For some reason hammeron and Pie go well together


----------



## KieX (Dec 3, 2010)

Chicken Patty said:


> For some reason hammeron and Pie go well together



Yea definitely


----------



## mjkmike (Dec 3, 2010)

CP I think you underestimate the team you lead.  We will be fine.  take care of you're Mom. I'm still up for letting new members post from time to time, Real like Kiex's list but leave some room for a new guy or girl.


----------



## HammerON (Dec 3, 2010)

I pretty much stopped posting Pie when we were told by a mod that we needed to take it to General Nonsense

I can take it in for a while (w/out the pics)...


----------



## Chicken Patty (Dec 4, 2010)

HammerON said:


> I pretty much stopped posting Pie when we were told by a mod that we needed to take it to General Nonsense
> 
> I can take it in for a while (w/out the pics)...



Go for it bro, but that was a big bummer moment right there when we were told that. 



mjkmike said:


> CP I think you underestimate the team you lead.  We will be fine.  take care of you're Mom. I'm still up for letting new members post from time to time, Real like Kiex's list but leave some room for a new guy or girl.

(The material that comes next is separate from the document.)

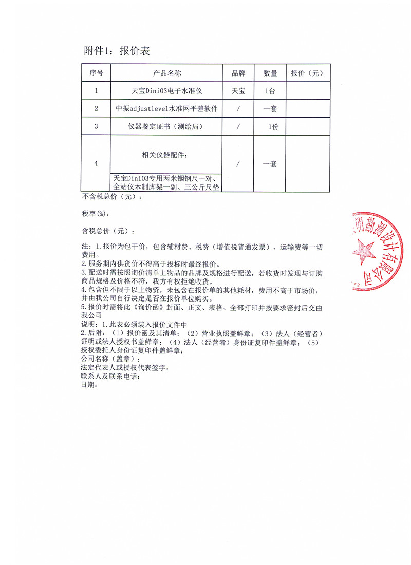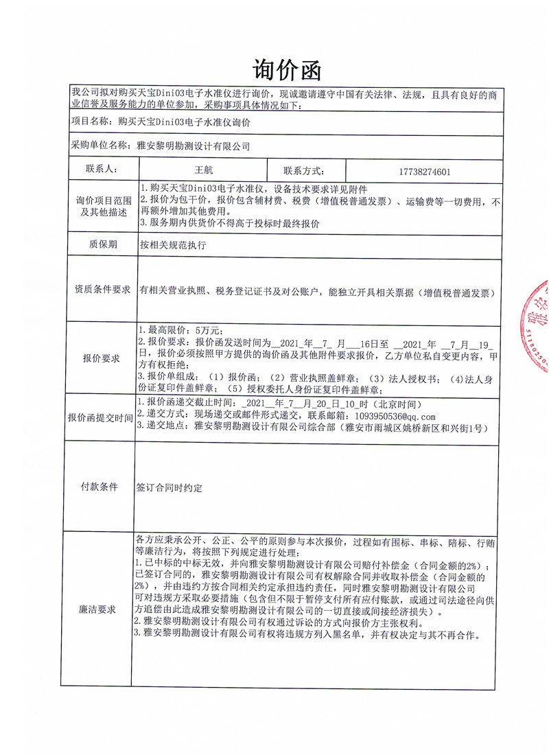 黎明勘測公司關(guān)于購買天寶Dini03電子水準(zhǔn)儀的詢價(jià)函

Thanks bro, I don't underestimate, I just care too much I guess..


----------



## dustyshiv (Dec 5, 2010)

CP,

We re here to do the needful. Family is the top most priority. Take care of your mom. Leave the rest to us.


----------



## Chicken Patty (Dec 5, 2010)

Thanks Dusty


----------



## [Ion] (Dec 7, 2010)

I think it definitely makes sense to have different people do them, I'll do them when I have time, but I can't promise that I'm going to be able to every day


----------



## (FIH) The Don (Dec 8, 2010)

Chicken Patty said:


> Yep, I've just been hella busy myself with the car and stuff around the house.  My mom is getting old and really fucked up healthwise man, I need to be there for her and take over some of the stuff she used to do you know, she just can't handle some of the things no more, like Christmas decoration for example.  She had a hip reconstruction not long ago, she's def. better but obviously it's never the same again.  She's already fell and bruised up pretty bad like two or three times.



sorry to hear that man, hope she is a bit better now

please let us know if we can do anything to help, we are here!


----------



## Chicken Patty (Dec 8, 2010)

(FIH) The Don said:


> sorry to hear that man, hope she is a bit better now
> 
> please let us know if we can do anything to help, we are here!



Sure will bro, thanks a lot.


----------